Shorttitle: | Immigration and Nationality Act of 1952 |
Longtitle: | An Act To revise the laws relating to immigration, naturalization, and nationality; and for other purposes. |
Colloquialacronym: | INA |
Nickname: | McCarran–Walter Act |
Enacted By: | 82nd |
Effective Date: | June 27, 1952 |
Public Law Url: | http://www.gpo.gov/fdsys/pkg/STATUTE-66/pdf/STATUTE-66-Pg163.pdf |
Cite Public Law: | 82-414 |
Title Amended: | 8 U.S.C.: Aliens and Nationality |
Introducedin: | House |
Introducedby: | Francis E. Walter (D-PA) |
Introduceddate: | October 9, 1951 |
Passedbody1: | House |
Passeddate1: | April 25, 1952 |
Passedvote1: | 206–68[1] |
Passedbody2: | Senate |
Passeddate2: | May 22, 1952 |
Passedvote2: | voice vote[2] |
Conferencedate: | May 23, 1952 |
Passedbody3: | House |
Passeddate3: | June 10, 1952 |
Passedvote3: | 302–53[3] |
Passedbody4: | Senate |
Passeddate4: | June 11, 1952 |
Passedvote4: | voice vote[4] |
Vetoedpresident: | Harry S. Truman[5] |
Vetoeddate: | June 25, 1952 |
Overriddenbody1: | House |
Overriddendate1: | June 26, 1952 |
Overriddenvote1: | 278–113[6] |
Overriddenbody2: | Senate |
Overriddendate2: | June 27, 1952 |
Overriddenvote2: | 57–26[7] |
Amendments: | Immigration and Nationality Technical Corrections Act of 1994 USA PATRIOT Act |
The Immigration and Nationality Act of 1952, also known as the McCarran–Walter Act, codified under Title 8 of the United States Code, governs immigration to and citizenship in the United States.[8] It came into effect on June 27, 1952. The legislation consolidated various immigration laws into a single text.[9] Officially titled the Immigration and Nationality Act, it is often referred to as the 1952 law to distinguish it from the 1965 legislation.[9] This law increased the quota for Europeans outside Northern and Western Europe, gave the Department of State authority to reject entries affecting native wages, eliminated 1880s bans on contract labor, set a minimum quota of one hundred visas per country, and promoted family reunification by exempting citizens' children and spouses from numerical caps.[9]

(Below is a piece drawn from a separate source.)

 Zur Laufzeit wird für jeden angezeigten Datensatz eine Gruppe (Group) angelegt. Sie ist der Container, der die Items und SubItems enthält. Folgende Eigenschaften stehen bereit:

The Immigration and Nationality Act of 1952 was debated and passed in the context of Cold War-era fears and suspicions of infiltrating Soviet and communist spies and sympathizers within American institutions and federal government. Anticommunist sentiment associated with the Second Red Scare and McCarthyism in the United States led restrictionists to push for selective immigration to preserve national security.[10] Senator Pat McCarran (D-Nevada), the chairman of the Senate Judiciary Committee, proposed an immigration bill to maintain status quo in the United States and to safeguard the country from Communism, "Jewish interests", and undesirables that he deemed as external threats to national security.[11] His immigration bill included restrictive measures such as increased review of potential immigrants, stepped-up deportation, and more stringent naturalization procedures. The bill also placed a preference on economic potential, special skills, and education. In addition, Representative Francis E. Walter (D-Pennsylvania) proposed a similar immigration bill to the House.

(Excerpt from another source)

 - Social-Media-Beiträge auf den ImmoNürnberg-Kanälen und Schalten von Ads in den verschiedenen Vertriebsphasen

In response to the liberal immigration bill of Representative Emanuel Celler (D-New York) and Senator Herbert H. Lehman (D-New York), both McCarran and Walter combined their restrictive immigration proposals into the McCarran–Walter bill and recruited support of patriotic and veteran organizations.[11] However, various immigration reform advocacy groups and testimonies by representatives from ethnic coalitions, civil rights organizations, and labor unions challenged proposals of restrictive immigration and pushed for a more inclusive immigration reform.[12] Opponents of the restrictive bill such as Lehman attempted to strategize a way to bring the groups together to resist McCarran's actions. Despite the efforts to resist, McCarran's influence as chairman of the Senate Judiciary Committee ultimately overpowered the liberal immigration reform coalition.

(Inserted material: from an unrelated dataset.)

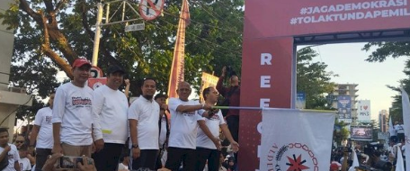Makassar – Diprakarsai oleh Yayasan Anak Rakyat Indonesia (YARI) dan Aliansi Demokrasi Rakyat Indonesia (ALDERA) Gerak Jalan Sehat Peringatan 25 Tahun Reformasi.

President Harry Truman vetoed the McCarran-Walter Act because it continued national-origins quotas that discriminated against potential allies that contained communist groups.[13] [14] However, Congress overrode the veto by a two-thirds vote of each house.[15] The 82nd United States Congress enacted the H.R. 5678 bill, which became effective on June 27, 1952.[16] The passage of the McCarran-Walter bill, known as the Immigration and Nationality Act of 1952, solidified more restrictive immigration movement in the United States.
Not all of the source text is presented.